# EXERCISE DIRECTIONS
Where the records below reach the line containing "垂直起降固定翼無人機FY-D", start transcribing, and end with the line containing "Endon 76512 Loire", exactly and with nothing else added.

# EXCERPTED RECORDS
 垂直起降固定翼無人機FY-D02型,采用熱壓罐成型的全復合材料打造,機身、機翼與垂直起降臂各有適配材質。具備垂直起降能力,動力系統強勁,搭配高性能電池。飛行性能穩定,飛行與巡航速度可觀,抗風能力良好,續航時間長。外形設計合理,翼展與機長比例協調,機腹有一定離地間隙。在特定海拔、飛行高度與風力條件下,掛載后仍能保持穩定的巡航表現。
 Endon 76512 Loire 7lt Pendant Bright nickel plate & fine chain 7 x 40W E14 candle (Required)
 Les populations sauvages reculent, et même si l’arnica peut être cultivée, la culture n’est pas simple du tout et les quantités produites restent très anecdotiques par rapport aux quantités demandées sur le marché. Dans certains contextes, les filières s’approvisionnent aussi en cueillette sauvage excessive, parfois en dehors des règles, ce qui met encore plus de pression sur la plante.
...
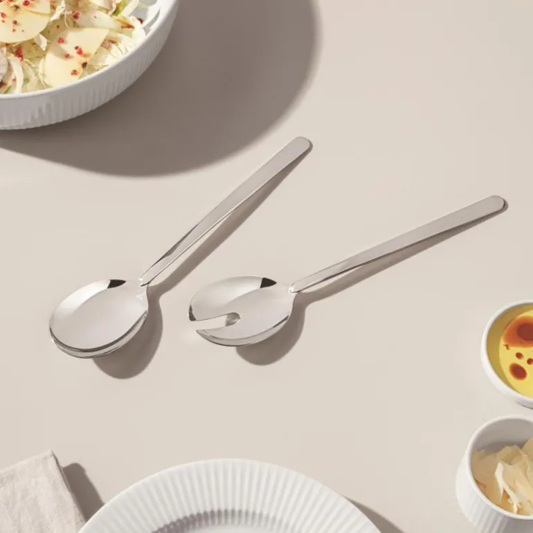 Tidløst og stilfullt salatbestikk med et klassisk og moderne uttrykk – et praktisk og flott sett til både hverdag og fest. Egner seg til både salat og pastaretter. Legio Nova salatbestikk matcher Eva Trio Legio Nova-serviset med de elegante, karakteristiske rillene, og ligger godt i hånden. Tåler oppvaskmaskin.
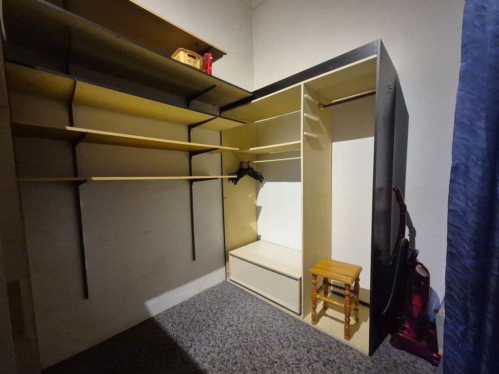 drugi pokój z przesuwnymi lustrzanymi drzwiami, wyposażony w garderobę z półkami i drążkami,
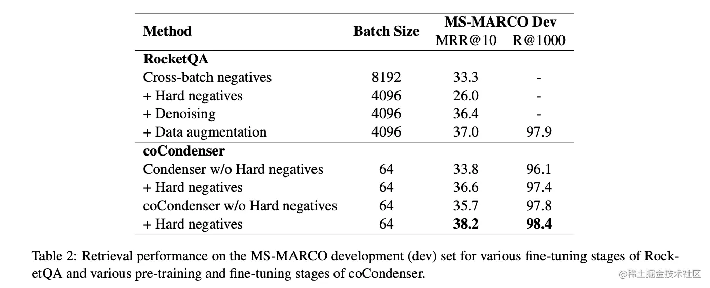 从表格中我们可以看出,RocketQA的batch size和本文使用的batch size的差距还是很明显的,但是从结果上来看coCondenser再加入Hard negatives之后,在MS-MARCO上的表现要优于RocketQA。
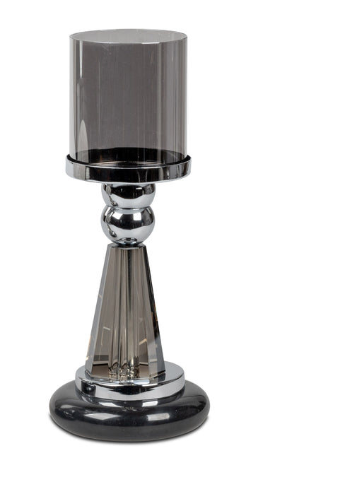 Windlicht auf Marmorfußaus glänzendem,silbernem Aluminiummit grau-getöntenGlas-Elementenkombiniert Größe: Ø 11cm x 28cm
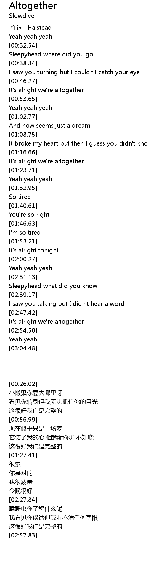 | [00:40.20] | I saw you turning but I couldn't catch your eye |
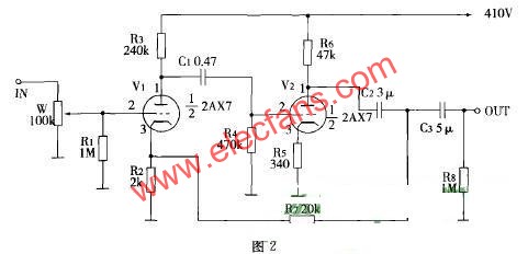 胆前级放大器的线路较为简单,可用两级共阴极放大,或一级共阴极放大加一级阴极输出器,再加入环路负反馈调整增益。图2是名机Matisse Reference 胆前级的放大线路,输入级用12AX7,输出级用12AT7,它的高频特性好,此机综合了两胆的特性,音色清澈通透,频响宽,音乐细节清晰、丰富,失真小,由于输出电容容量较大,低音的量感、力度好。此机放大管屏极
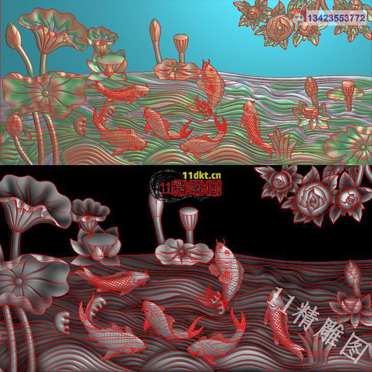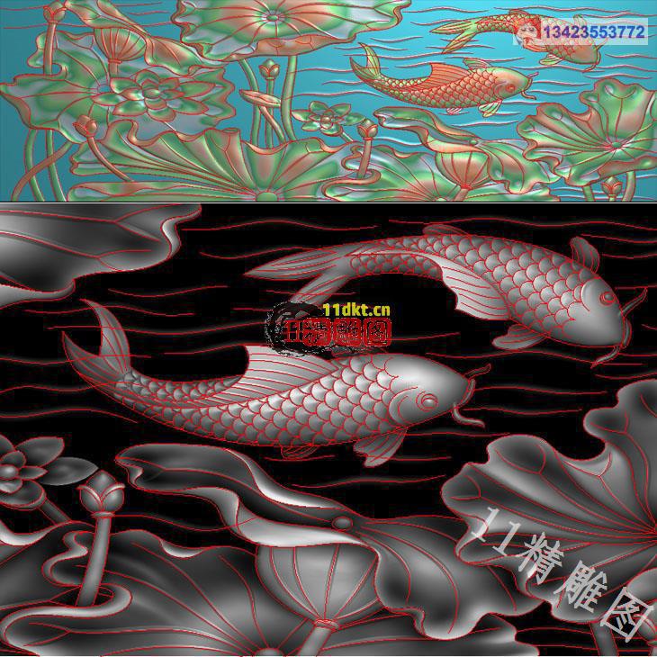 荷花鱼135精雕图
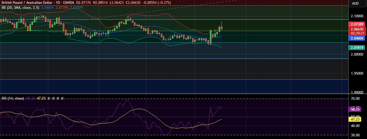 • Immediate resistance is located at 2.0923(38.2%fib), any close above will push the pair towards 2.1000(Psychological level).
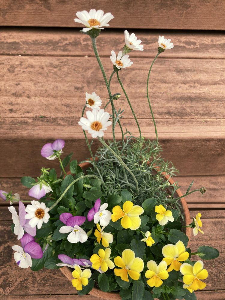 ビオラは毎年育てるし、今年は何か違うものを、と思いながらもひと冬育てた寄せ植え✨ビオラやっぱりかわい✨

# WRITTEN ANSWER
 垂直起降固定翼無人機FY-D02型,采用熱壓罐成型的全復合材料打造,機身、機翼與垂直起降臂各有適配材質。具備垂直起降能力,動力系統強勁,搭配高性能電池。飛行性能穩定,飛行與巡航速度可觀,抗風能力良好,續航時間長。外形設計合理,翼展與機長比例協調,機腹有一定離地間隙。在特定海拔、飛行高度與風力條件下,掛載后仍能保持穩定的巡航表現。
 Endon 76512 Loire 7lt Pendant Bright nickel plate & fine chain 7 x 40W E14 candle (Required)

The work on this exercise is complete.